Posted by gasweek on 10 October, 2007

The Nigerian National Petroleum Corporation, for decades a source of corruption and national shame, is to be abolished by Nigeria’s new president, Umaru Yar’Adua, and replaced by five new companies. The president, who will head a special oil council to oversee the changes, says he wants the reforms completed in six months. It would be an astonishing achievement if it happens and works. The industry has been very badly run for years. The new government, formed only two months ago, has been admirably quick to take action. It has awarded a contract worth $52m to fix damaged pipelines in the Delta region and promised to get refineries working again by December, reported The Economist, (29/9/2007), p. 48.

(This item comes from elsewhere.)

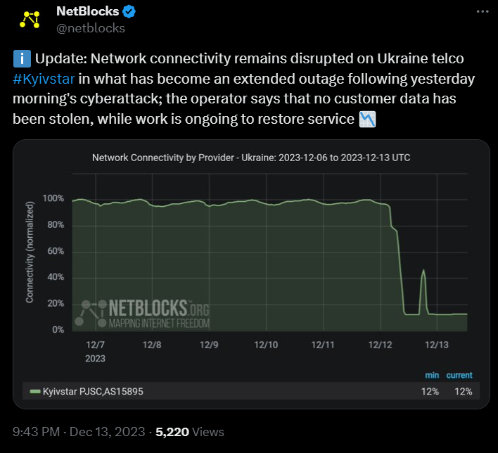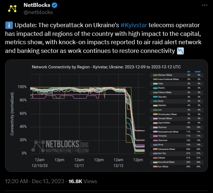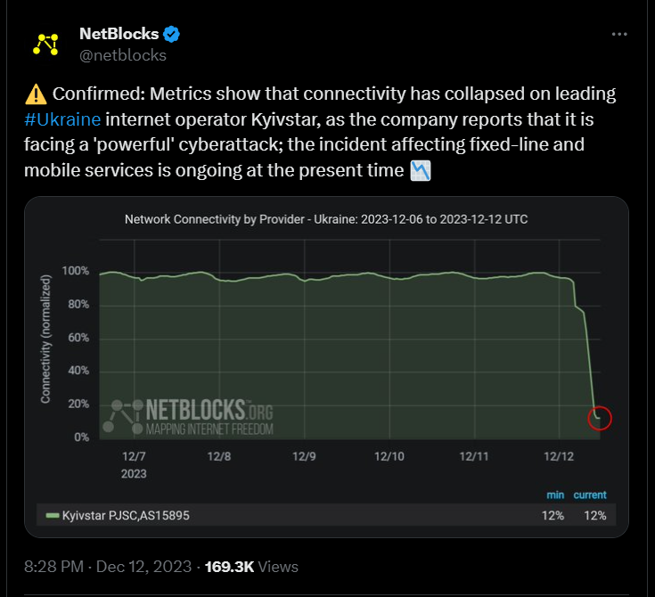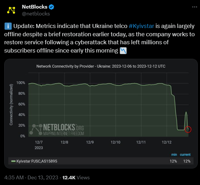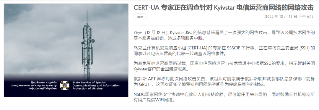 2023年12月12日,乌克兰最大的移动网络运营商Kyivstar表示遭到网络攻击[1],导致相关网络服务瘫痪,“使数百万人面临无法收到俄罗斯潜在空袭警报的危险。”

$5.2 billion AWOL: On September 21st a federal budget report said that the corporation had somehow failed to remit 647 billion naira (almost $5.2 billion) expected by the treasury last month. Production in June fell to 750,000 barrels a day, far below its capacity of 3m b/d. As well as incompetence, civil unrest has been to blame. Violence and pipeline sabotage have reduced output to a drip in the oil-rich Niger Delta, where Port Harcourt, the main city, has been under curfew for a month.

Shell, Chevron face constant disruption: Shell, Chevron and several other big companies have been forced to close their pipelines and sabotage has hobbled already decrepit refineries, which operated at only about one-third of their potential between 1999 and 2004. The Americans reckon that Nigeria has lost some $16 billion in export earnings in the past two years. Regulation has been equally erratic.

Regulation weak: Since the corporation was founded in 1977, its regulating arm, which was recently hived off into a new and supposedly independent body called the Department of Petroleum Resources, went in and out of company control. The new regulatory outfit is weak. Its cash-strapped employees still depend for various services, such as transport, on the oil companies they are supposed to monitor.